Both amps use the phase inverter from this old ax84 document: https://ax84.com/archive/ax84.com/static/corepoweramps/20W_PP/AX84_20W_PP_Poweramp_Schematic.pdf

The preamps are of course somewhat different, but they both do have a gain stage with cathode follower right before the tone stack. Both amps have separate power supply nodes for the phase inverter tube and the gain/cf tube.

Both amps fundamentally work well, but in both amps, I'm having a problem where signal that seems to be bleeding out of the cathode follower and into the phase inverter.

It seems to be some kind of impedance node issue - from playing with various volume controls, it basically seems the higher resistance to ground there is on the preamp side of C13, the more signal bleeds in. Even if there is no connection from the output of the tone stack to the volume control, or i ground that out, the sound still bleeds through.

The bleed signal is bedroom volume loud, and very thin.

So, the signal is either bleeding through the ground, or bleeding through the power supply somehow. The grounding schemes are pretty standard, and the power supplies are standard as well, with a cap and dropping resistor for each node.

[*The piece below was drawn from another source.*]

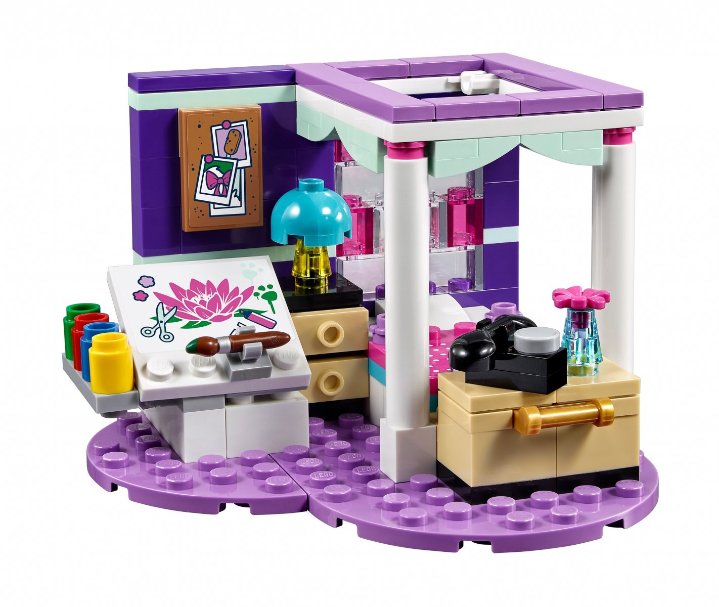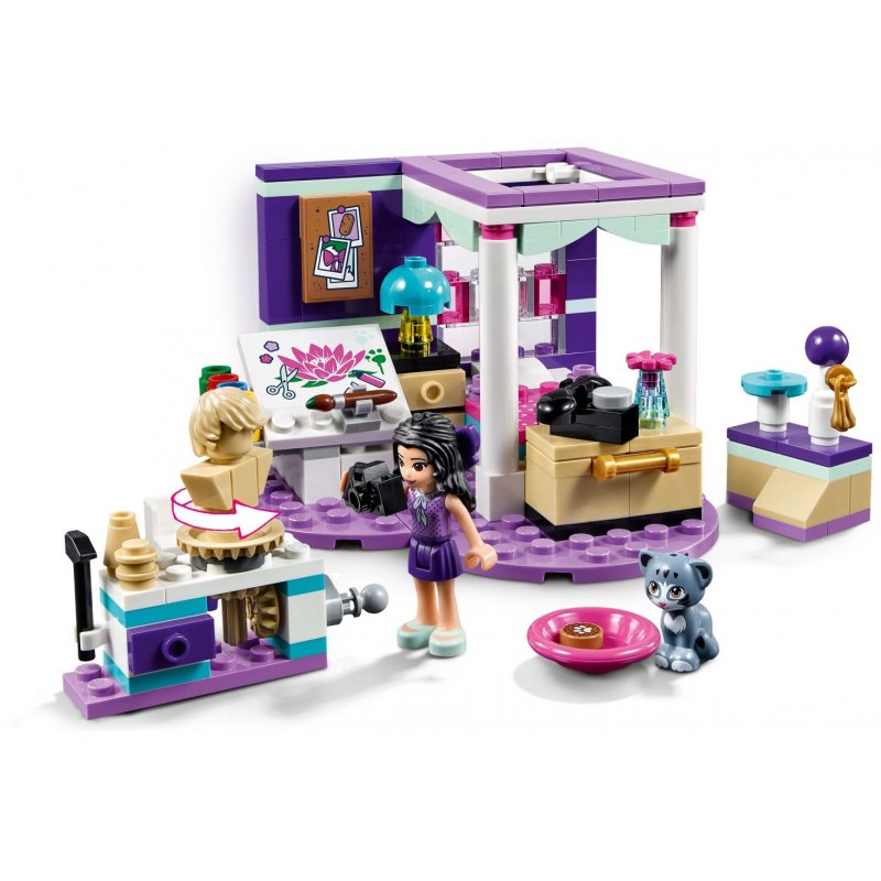 Zestaw LEGO® Friends 41342 Sypialnia Emmy ustawiony jest na fioletowej podstawce w kształcie serca i doskonale oddaje kreatywną duszę Emmy. W sypialni znajduje się piękne łóżko z kolumnami, deska kreślarska z farbami, koło garncarskie, specjalne siedzisko, na którym kot może pozować do zdjęć, oraz staroświecki telefon, z którego można dzwonić do przyjaciółek.

Have any of you guys seen something like that before? What would I do to solve it? I thought maybe I had made a silly mistake on the first amp, but the second amp is exhibiting the identical problem, so there has to be something design related.
 
A high impedance circuit node is very prone to noise coupling due to stray capacitance.
The impedance level should be reduced as much as possible, and then the circuit layout
should be carefully considered.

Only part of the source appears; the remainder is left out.